At this year’s Sundance film festival, I caught the premiere of JOBS, the widely anticipated Steve Jobs biopic. Aside from the fact that Ashton Kutcher strikes an uncanny resemblance to the Apple co-founder in both looks and mannerisms, what struck me most about the film was that the primary conflict centers on “the innovator’s dilemma,” the classic set of decisions that successful corporate leaders often face, as defined by Innosight co-founder Clay Christensen in his 1997 book.
This focus is remarkable considering how much about the life and career of Jobs was omitted from the narrative. There was almost nothing about his birth parents and his feelings of abandonment, nothing about how he first met Steve Wozniak during high school, almost nothing about his sojourn to India, nothing about his inspirational visit to Xerox PARC, barely one scene about his longtime rivalry with Bill Gates, and almost nothing about his years at NeXT Computer. What’s more, the film ends in 1997 after his triumphant return to the helm of Apple, so the celebrated third act of his career is barely broached.

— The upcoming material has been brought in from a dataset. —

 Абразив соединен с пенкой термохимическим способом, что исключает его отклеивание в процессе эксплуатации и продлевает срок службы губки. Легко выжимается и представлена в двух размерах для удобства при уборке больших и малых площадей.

What the film does show—and in an entertaining and enlightening way—is how Jobs had a unique talent for synthesizing art, technology, business, spirituality and design into a singular worldview, and how the founding of Apple with Woz in his parents’ garage in 1976 represented the birth of a new kind of company.
“Nobody wants to buy a computer,” says Woz, in a moment of doubt. “How does somebody know what they want when they’ve never even seen it?” replies Jobs.

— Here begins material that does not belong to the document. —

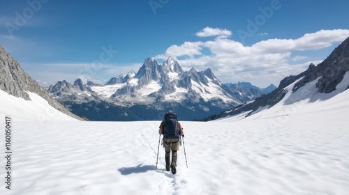 hiker, adventure, snow, mountain, landscape, trekking, nature, travel, exploration, scenery, wilderness, backpack, altitude, sky, sunny, tour tourism, fitness, journey, solitude, natural, beauty, terrain, scenic, fresh, crisp, expedition, sport, motion, summer, activity, white, ground, peak, distant, serene, vibrant, isolated, trail, exercise, view, cold, elevation, fresh air, leisure, peaceful, dramatic, picturesque

In movies like this one, every great hero requires a fatal flaw as well as a powerful bad guy to go up against. For Jobs, his flaw was his turbo-charged hubris. As for the bad guy, that role is filled by Arthur Rock, the chairman of the Apple board who trips up Jobs’ vision at every turn in the name of steering a professionally managed corporation.
But Rock doesn’t act alone. He corrals the rest of the board and the newly appointed CEO John Sculley to provide the viewer with one of the all-time best examples of the innovator’s dilemma, showing how the best managers are classically trained to unwittingly destroy good companies—and how fast that destruction can happen in the hyperspeed world of technology.
This part of the story is all-too-familiar but director Joshua Michael Stern deftly dramatizes it. After the Apple II became the first truly successful personal computer, Rock and his allies moved to protect it and devote the lion’s share of corporate resources on evolutionary extensions of the product. Meanwhile, Jobs flails about trying to turn the Lisa into the next breakthrough, but he lacks both the resources and the right mix of new features, and the Lisa becomes an over-budget failure.
The conflict really kicks into gear when Jobs forces himself into a leadership role of a small side project known as Macintosh. He manages to create a revolutionary machine, but Sculley and the board undercut him by overpricing it beyond the means of mainstream consumers in the name of protecting profit margins. When Mac sales are lackluster, Rock forces Jobs out of the firm. Then the professionals make quick work of running Apple into the ground.
After the Apple visionary died in 2011, his biographer revealed that the only business book on Jobs’ list of all-time favorites was “The Innovator’s Dilemma,” which he apparently read around the time of his return to Apple. Jobs told Walter Isaacson that he was “deeply influenced” by the book. If you look at his career post-comeback, you can reasonably conclude that Jobs went so far as to solve the dilemma by harnessing the principles of disruptive innovation that Christensen introduced back then.
He did it by stepping away from the treadmill of improving the personal computer, reaching instead into “the consumer’s heart,” as the Jobs character says in the film. The result was a series of disruptive devices that made technology even more personal and catapulted Apple from the brink of insolvency to the world’s most valuable corporation.
Like its protagonist, JOBS has its flaws. The film has received mixed reviews for being heavy-handed, and Woz has jabbed it for putting fictional words in his mouth. But if you’re into contemplating the contours of innovation, this is two hours very well spent.
Evan I. Schwartz is director of storytelling at Innosight.